Step 2: and the UE calculates the uplink timing advance for transmitting the uplink signal according to the triggering event in the step 1. The method for calculating the uplink timing advance comprises any one of the following steps:

the method comprises the following steps: the UE calculates the downlink path loss (e.g., Pathloss) of its received signal_DL＝RSRP_received–RSRP_transmitted. Wherein RSRP_receivedFor the intensity, RSRP, of the downlink signal received by the UE_transmittedStrength of downlink signal (RSRP) transmitted for network_transmittedMay be transmitted to the UE through system information). ) The downlink signal transmission delay (e.g., TDL) is derived from the downlink path loss scaling, wherein the scaling method is indicated by protocol conventions or network indications (e.g., downlink path loss (Pathloss)_DL1dB) corresponding to downlink signal transmission delay (e.g., T)_DL10 us)). Calculating the sending timing advance (such as TA) of the uplink signal according to the transmission delay UE of the downlink signal_UL＝2×T_DL)

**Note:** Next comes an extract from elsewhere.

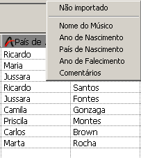 A barra de título de cada coluna indica o nome e o tipo do campo ao qual cada coluna será importada. Se for necessário, utilize o menu suspenso para selecionar um campo diferente.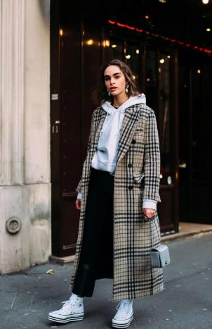 格纹外套每一年都很火,搭配白色的连帽卫衣和黑色休闲裤就够了。脚上可以选择一双白色厚底帆布鞋,清新有型。

The method 2 comprises the following steps: the UE calculates a conversion relationship between the downlink path loss and the transmission delay of the downlink signal (e.g., the uplink timing advance TA) according to the previously obtained uplink timing advance and the downlink path loss_ULWhen (old) ═ 20us, the downlink path loss of the UE is 1 dB. The UE considers the downlink signal transmission delay (tdl (old) ═ TA)_UL(old)/2 ═ 10us) corresponding to downlink path loss (Pathloss)_DL(old) ═ 1 dB)). When the UE initiates the sending of the uplink signal according to the trigger event, according to the conversion relation between the calculated downlink path loss and the transmission delay of the downlink signal, the UE sends the uplink signal according to the current downlink path loss (Pathloss)_DL(new)) calculating to obtain downlink signal transmission delay (T)_DL(new)), calculating the new sending Timing Advance (TA) of the uplink signal according to the transmission delay time of the downlink signal by the UE_UL(new)＝2×T_DL(new))。

The method 3 comprises the following steps: the UE records the "most recently available uplink timing advance" (e.g., TA)_UL(old)), and a downlink timing (e.g., T) corresponding to the "most recently available uplink timing advance_DL(old)). The UE is calculating a "new uplink timing advance" (e.g., TA)_UL(new)), the UE calculates the downlink timing (e.g., T) corresponding to the new uplink timing advance_DL(new)) a change amount (Delta) of downlink timing corresponding to "" the latest available uplink timing advance ""_DL＝T_DL(new)-T_DL(old)), the UE's "new uplink timing advance" is based on "most recentThe available uplink timing advance and the "amount of change in downlink timing" (e.g., TA)_UL(new)＝(TA_UL(old)+2×Delta_DL))。

Corresponding to method 1 or 2 in step 2, the extra network side may indicate a conversion relationship between the downlink path loss and the transmission delay of the downlink signal (e.g., downlink path loss (Pathloss)_DL1dB) corresponding to the transmission delay (T) of downlink signal_DL＝10us))。

And step 3: and (3) according to the uplink timing advance calculated in the step (2), the UE sends the uplink signal after advancing the corresponding uplink timing advance when sending the uplink signal according to the downlink timing of the received signal.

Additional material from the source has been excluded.